When Indiana’s Goshen Health decided to de-affiliate from Indiana University Health in 2016, it knew its supply costs were going to increase for its 122-bed hospital, cancer center and 27 physician practice locations, according to chief financial officer Amy Floria. That meant waste in the supply chain had to be cut out—like the 80 percent of hospital supplies which had sat untouched on a shelf for two years.
At her presentation at HIMSS18 in Las Vegas, Floria cited Advisory Board Company data which showed the growing problem hospitals are facing with their supply chain costs. As of 2017, supplies and services had an average 3-year compound annual growth rate of 9.8 percent, twice the rate of labor costs. There was also significant variation between supply expenses per discharge, with the industry overall looking at $38 billion in potential savings if all hospitals could adopt the practices of top performers.
Even for a single-hospital system with $250 million in revenue like Goshen, Floria said the supply chain was “a hot mess,” made worse by keeping supply information in silos which can hide its true costs and the traditional approach of isolated, episodic initiatives to find savings.
“I still it find it very hard to believe, and I’ve been in healthcare almost 20 years, how little we know about our cost structure,” Floria said.
By collaborating with clinicians on reducing costs, rather than have the initiative been seen as driven by finance professionals, those silos could be broken down. Floria said they began this process by asking nurses and physicians why certain suppliers were being used. Nurses especially will know more about the vendors and those products because they use them every day, rather than seeing it as just a line item expense.
Much that Floria found was eye-opening, like the 80 percent of the hospital’s supplies found to have stayed "collecting dust" on shelves for two years. Even though supplies may have acquired through consignment, they still represented wasted space in their inventory, though clinicians resisted getting rid of the unused items. She also found boxes of surgical supplies for which the hospital paid extra for express shipment, only to have packages go unopened for more than a week.
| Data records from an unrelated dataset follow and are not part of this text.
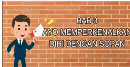
Gambar 3. Media video Pembelajaran

Kemampuan guru dalam memanfaatkan teknologi guna menyajikan materi pembelajaran terlihat dari guru sudah menggunakan teknologi yang tepat dalam menyajikan materi pembelajaran kepada siswa. Guru menggunakan media pembelajaran yang berbasis teknologi seperti penayangan video pembelajaran, penayangan lagu “Garuda Pancasila” serta penayangan PPT interaktif. Namun ada guru yang belum menggunakan media pembelajaran berbasis teknologi karena materi yang dipelajarinya dapat media pembelajaran yang berbasis papan undian. Salah satunya adalah media video pembelajaran yang dapat dilihat pada gambar 3 sebagai berikut: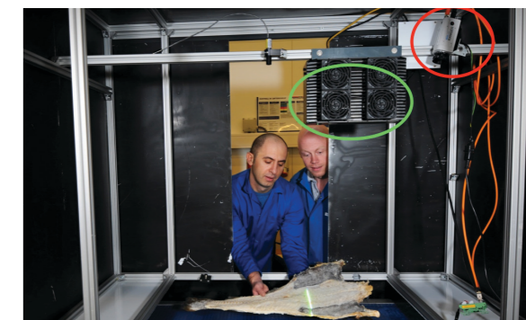
Slik ble maskinsynet gjennomført med 2D og 3D kamera i kombinasjon med laser.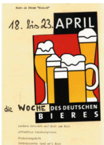
Es muss nicht immer perfekt sein ...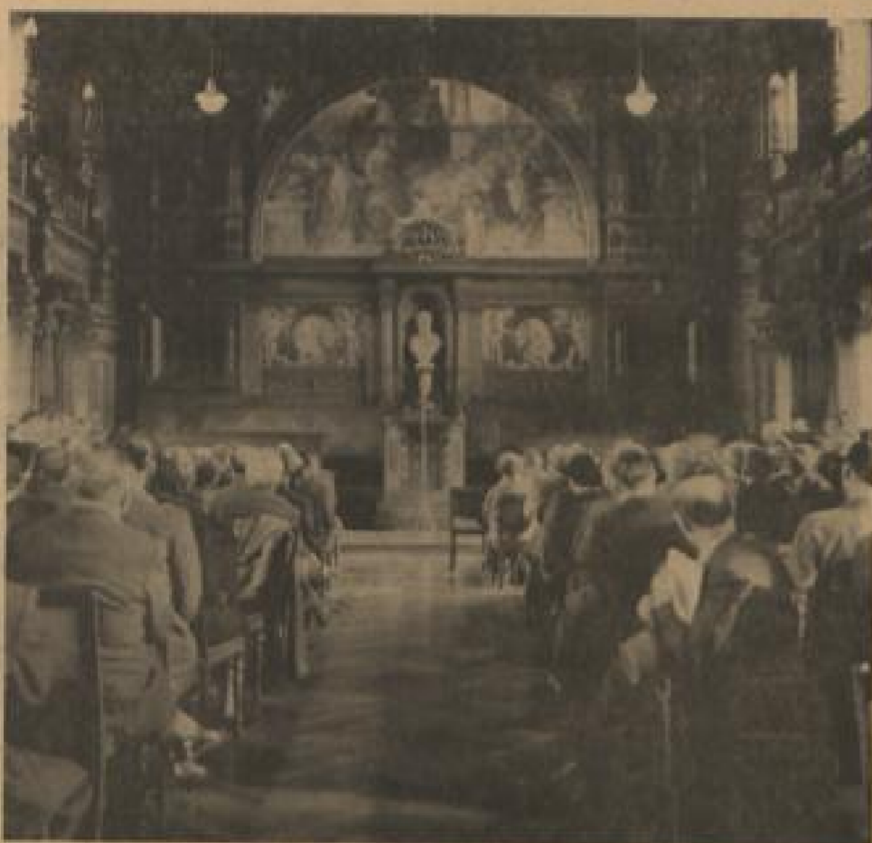
Bundesminister Oberländer sprach bei der Hochschalung

The response from clinicians, Floria said, was, “Well, we’ve always done it that way,” but those findings alone were enough to get some staff members to rethink their approach to acquiring supplies and better understand the CFO’s point of view.
For physicians especially, it made an impact to focus on data and taking the emotion out of supply decisions made an impact. When the hospital decided to cut its stent suppliers from six vendors down to two or three, it collected information from the vendors like cost, volume and what kind of procedures their products would be suited. It then shared this information with the physician and the vendors themselves with the vendors’ name removed—which may lead to vendors trying to negotiate to keep the hospital’s business.
“You’re amazed at how quickly they start coming around and start being a little more flexible in their contracting,” Floria said. “So one way to meet your benchmark objective is just let the data lead you to the answer.”
That information sharing is a two-way street. Floria would ask why nurses and physicians favored certain expenses and why expenses she may wish to cut, like having a vendor representative on site several days a week, may add value.
Vendors, in turn, may take the opportunity to stand out once they fear they’ll be cut off. Floria said the existing food service vendor responded positively to Goshen’s initiative, committing to not only $300,000 in savings but also paying for capital investments in the cafeteria.
For all the effort, the initial savings have been small. Floria said Goshen has projected over five years, it will save $1.9 million on clinical equipment maintenance services and another $1.5 million by identified new opportunities through its group purchasing organization. It also avoided the 10 to 15 percent increase in supply costs it expected after leaving IU Health.
“It’s not going to save your facility, but we’d like to think we just scratched the surface,” Floria said. “And for Goshen, this is real money. This is capital we can reinvest back in the facility.”
Despite some resistance, Floria said she believes most physicians are willing and ready to discuss optimizing the hospital’s supply chain once they see some hard data. Taking that a step further, she said she would be interested in some arrangement where physicians are offered financial incentives when they help the hospital find savings on supplies.